In the material below, find the line that contains "This abstract acrylic" and the line that contains "數(shù)據(jù)傳輸時", then write out exactly those two lines and everything between them.

#### The data

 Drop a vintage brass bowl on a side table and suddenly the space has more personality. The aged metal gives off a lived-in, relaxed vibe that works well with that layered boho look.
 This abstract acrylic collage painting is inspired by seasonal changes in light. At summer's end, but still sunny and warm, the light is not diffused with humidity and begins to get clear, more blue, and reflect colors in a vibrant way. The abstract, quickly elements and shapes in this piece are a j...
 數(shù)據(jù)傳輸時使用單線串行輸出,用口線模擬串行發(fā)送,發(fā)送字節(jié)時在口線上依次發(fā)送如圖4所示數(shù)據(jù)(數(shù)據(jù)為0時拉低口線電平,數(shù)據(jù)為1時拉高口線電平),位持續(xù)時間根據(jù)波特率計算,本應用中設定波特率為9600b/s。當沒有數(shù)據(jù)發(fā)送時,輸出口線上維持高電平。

########
#### The data

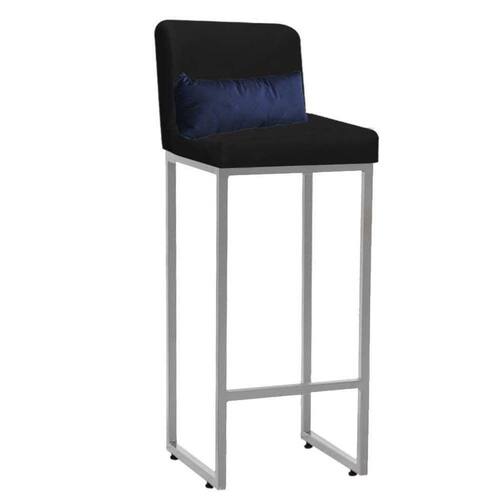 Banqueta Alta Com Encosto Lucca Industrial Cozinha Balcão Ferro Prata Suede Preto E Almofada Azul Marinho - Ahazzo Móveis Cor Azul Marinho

########
#### The data

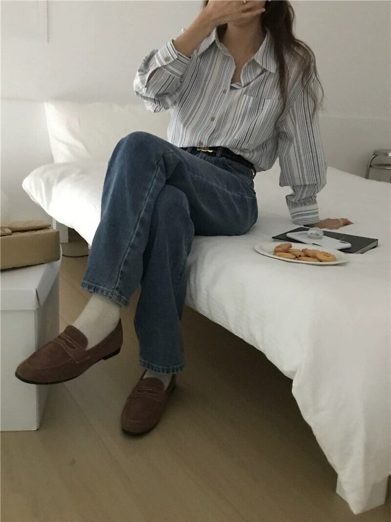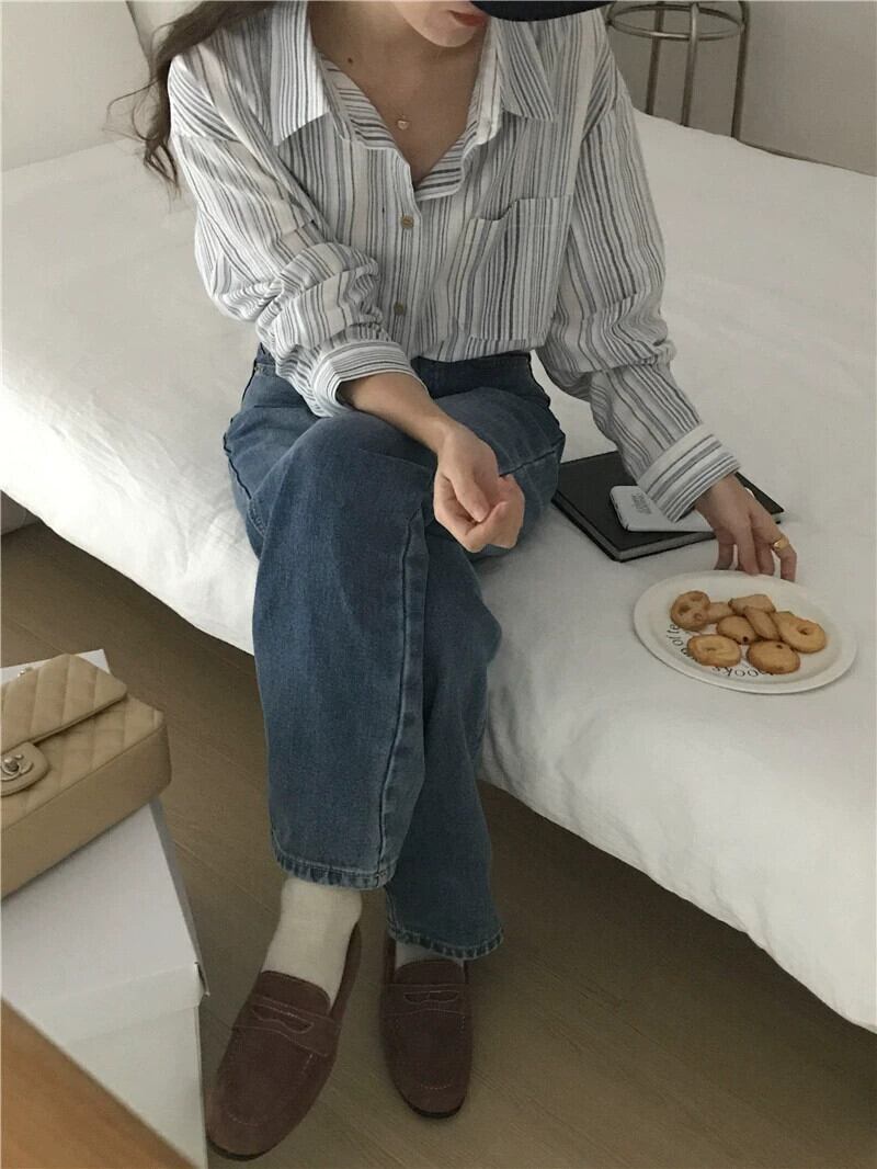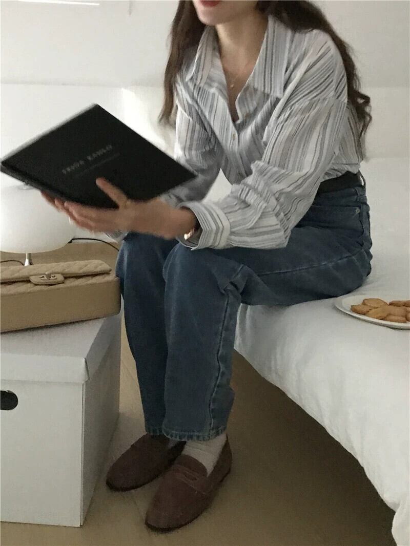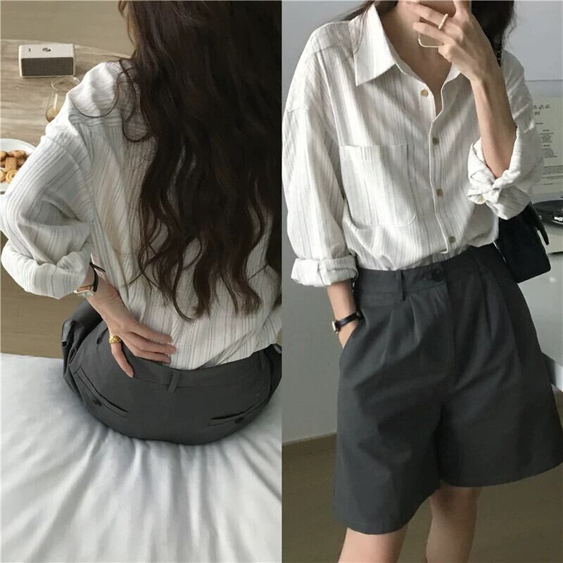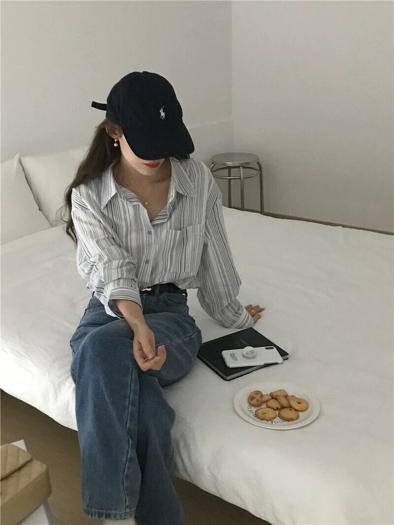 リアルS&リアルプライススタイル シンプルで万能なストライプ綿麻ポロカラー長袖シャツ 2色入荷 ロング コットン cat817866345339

########

* **Exercise answer**
 This abstract acrylic collage painting is inspired by seasonal changes in light. At summer's end, but still sunny and warm, the light is not diffused with humidity and begins to get clear, more blue, and reflect colors in a vibrant way. The abstract, quickly elements and shapes in this piece are a j...
 數(shù)據(jù)傳輸時使用單線串行輸出,用口線模擬串行發(fā)送,發(fā)送字節(jié)時在口線上依次發(fā)送如圖4所示數(shù)據(jù)(數(shù)據(jù)為0時拉低口線電平,數(shù)據(jù)為1時拉高口線電平),位持續(xù)時間根據(jù)波特率計算,本應用中設定波特率為9600b/s。當沒有數(shù)據(jù)發(fā)送時,輸出口線上維持高電平。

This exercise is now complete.